_Exercise:_ The printed result should hold only the lines from the opening of the data through the line bearing "(导读 刘晓娟)海冰变化导致", exactly as given and without pictures.

### The data

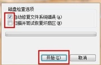 3、最后將“自動修復(fù)文件系統(tǒng)錯誤”和“掃描并嘗試恢復(fù)壞扇區(qū)”都勾選,點擊“開始”進行掃描,掃描完成即可修復(fù)。
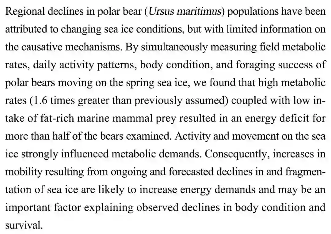 (导读 刘晓娟)海冰变化导致北极熊数量减少,但对其影响机制研究仍有限。本文同时观测了北极熊代谢率、日活动模式、身体状态和春季海冰觅食成功率,发现高代谢率和对高脂肪的低摄入导致了几乎一半数量的北极熊遭遇能量赤字,行为活动和海冰觅食严重影响着代谢需求。因此,海冰持续破碎和减少可能会增加北极熊的能量需求,而这也可能是北极熊身体状态变差和存活率低下的重要原因。
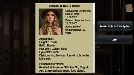 Tauchen Sie ein in die packende Welt von Eine Detektivgeschichte in dunklen Tönen, wo Geheimnisse im Schatten lauern und jede Wahl, die Sie treffen, die Erzählung prägt. Dieser online abenteuer lädt Sie ein, in die Fußstapfen einer Detektivin zu treten, die daran arbeitet, die düstere Vergangenheit einer verschwundenen Künstlerin, Irina Orlova, aufzudecken. Mit atemberaubender Grafik und einer ansprechenden Handlung bietet das Gameplay eine reichhaltige Erfahrung, die man genießen kann kostenlos.
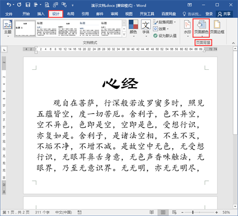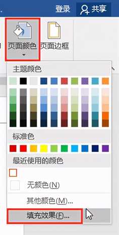 2.在“设计”选项卡“页面背景”功能组中单击“页面颜色”按钮,在弹出的下拉列表中,选择“填充效果”。
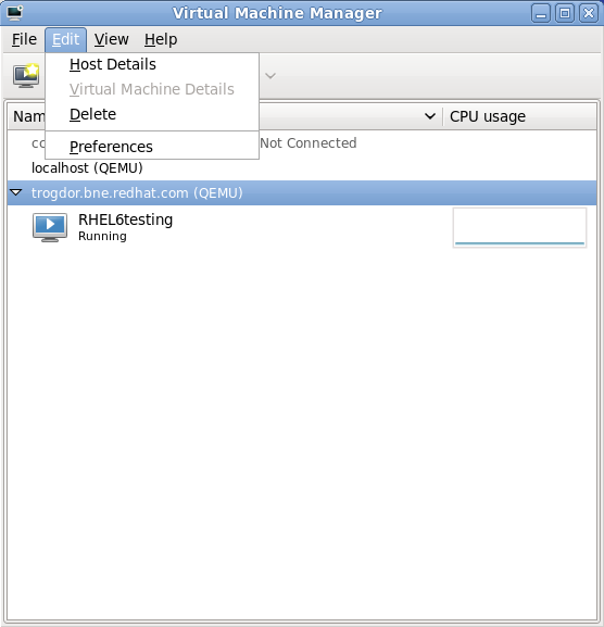 virt-manager, also known as Virtual Machine Manager, provides a graphical tool for administering virtual machines. It uses libvirt-client library as the management API.
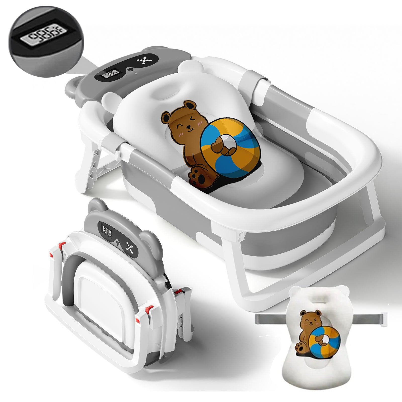Collapsible Baby Bathtub for Infants, Bath Tub with Cushion and Thermometer, for Newborn to Toddler Portable Travel Multifunctional Bathing 0-2 years (Bear/Gray)
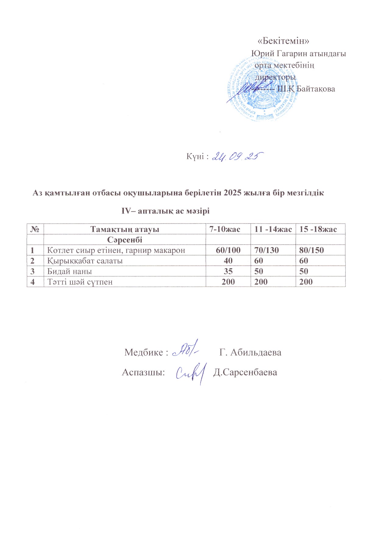 Тегін ыстық тамақпен қамтылған оқушылардың 1 күндік ас мәзірі » сш.им.Гагарина
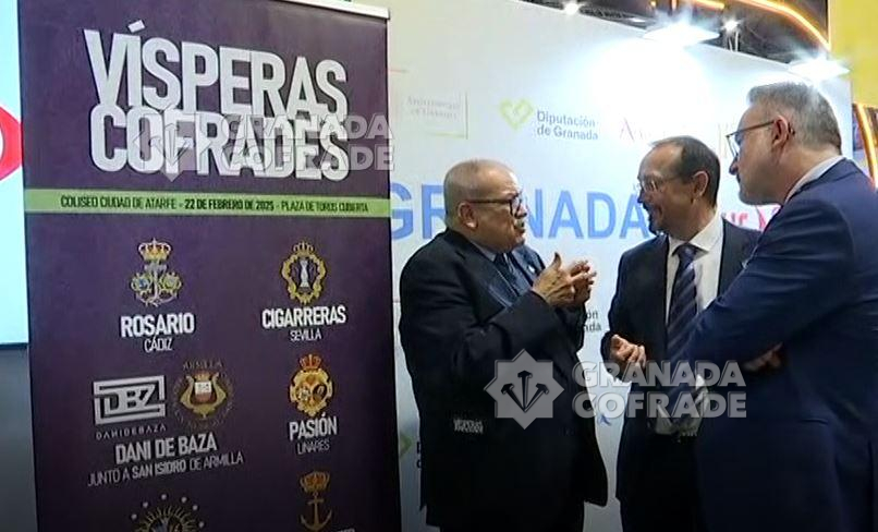 El diputado de Fondos Europeos, Desarrollo, Industria y Empleo, Antonio Díaz, presentó ayer en FITUR el proyecto ‘Vísperas Cofrades’, que convertirá a la ciudad de Atarfe en la capital de la música de Semana Santa el próximo 22 de febrero, a las 16:00 horas. Más de 1.000 músicos pertenecientes a nueve formaciones musicales, cinco de ellas de Granada y provincia y otras cuatro llegadas desde Sevilla, Linares, Málaga y Cádiz, harán posible este evento único por su formato, que se llevará a cabo en la Plaza de Toros atarfeña. Díaz ha destacado que “desde la Diputación de Granada, consideramos que un evento de este tipo moviliza un gran número de personas amantes de la música cofrade y debemos apoyarlo. Le daremos todo nuestro respaldo y es una de las acciones que presentamos como oferta cultural y turística en el marco de FITUR. El segmento de turismo religioso dejó el año pasado en Granada durante la Semana Santa alrededor de 45 millones de euros y la ocupación hotelera en esas fechas alcanzó el 95%, por lo que estamos hablando de una actividad muy importante”. El evento, que cuenta con la colaboración de la Diputación de Granada y su marca ‘Sabor Granada’, se desarrollará en un enorme escenario que acogerá a las distintas bandas, cuyas intervenciones estarán acompañadas por videos sobre la trayectoria de cada una de ellas.
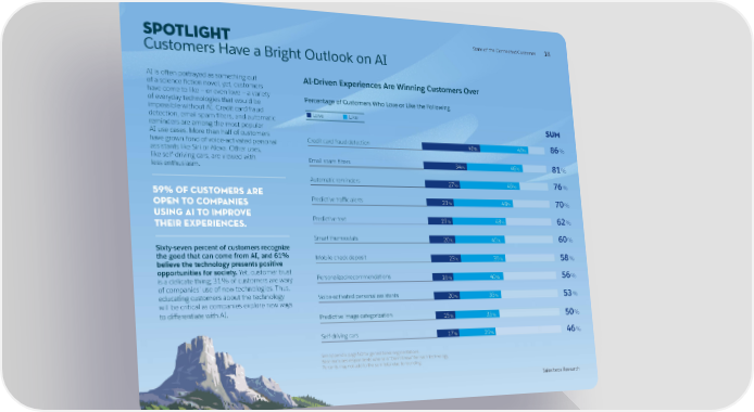 SPOTLIGHT StaStatte oe of the Cf the Conneconnectted Ced Cuuststomeromer 1818 Customers Have a Bright Outlook on AI AI is often portrayed as something out AI-Driven Experiences Are Winning Customers Over of a science fiction novel, yet, customers have come to like — or even love — a variety Percentage of Customers Who Love or Like the Following of everyday technologies that would be impossible without AI. Credit card fraud Love Like detection, email spam filters, and automatic Sum reminders are among the most popular AI use cases. More than half of customers Credit card fraud detection 86% have grown fond of voice-activated personal 46% 40% assistants like Siri or Alexa. Other uses, like self-driving cars, are viewed with Email spam filters 34% 46% 81% less enthusiasm. Automatic reminders 27% 49% 76% 59% of customers are open to companies Predictive traffic alerts 21% 48% 70% using AI to improve Predictive text their experiences. 19% 43% 62% Smart thermostats 20% 40% 60% Sixty-seven percent of customers recognize the good that can come from AI, and 61% Mobile check deposit 23% 36% 58% believe the technology presents positive opportunities for society. Yet, customer trust is a delicate thing; 31% of customers are wary Personalized recommendations 16% 40% 56% of companies’ use of new technologies. Thus, educating customers about the technology Voice-activated personal assistants 20% 33% 53% will be critical as companies explore new ways to differentiate with AI. Predictive image categorization 15% 35% 50% Self-driving cars 17% 29% 46% See appendix page 50 for generational segmentations. Base excludes respondents who said “Don’t Know” for each technology. Percents may not add to the sum total due to rounding. Salesforce Research Salesforce Research
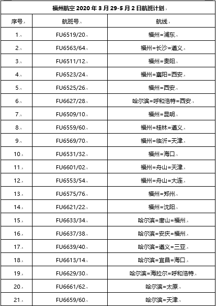 在航班恢复方面,按照民航局统一部署,3月29日-5月2日期间,福州航空将延续2019/20冬春季航班时刻,目前航班均已开始销售。具体航班恢复情况如下:

######

_Result of this exercise:_
 3、最后將“自動修復(fù)文件系統(tǒng)錯誤”和“掃描并嘗試恢復(fù)壞扇區(qū)”都勾選,點擊“開始”進行掃描,掃描完成即可修復(fù)。
 (导读 刘晓娟)海冰变化导致北极熊数量减少,但对其影响机制研究仍有限。本文同时观测了北极熊代谢率、日活动模式、身体状态和春季海冰觅食成功率,发现高代谢率和对高脂肪的低摄入导致了几乎一半数量的北极熊遭遇能量赤字,行为活动和海冰觅食严重影响着代谢需求。因此,海冰持续破碎和减少可能会增加北极熊的能量需求,而这也可能是北极熊身体状态变差和存活率低下的重要原因。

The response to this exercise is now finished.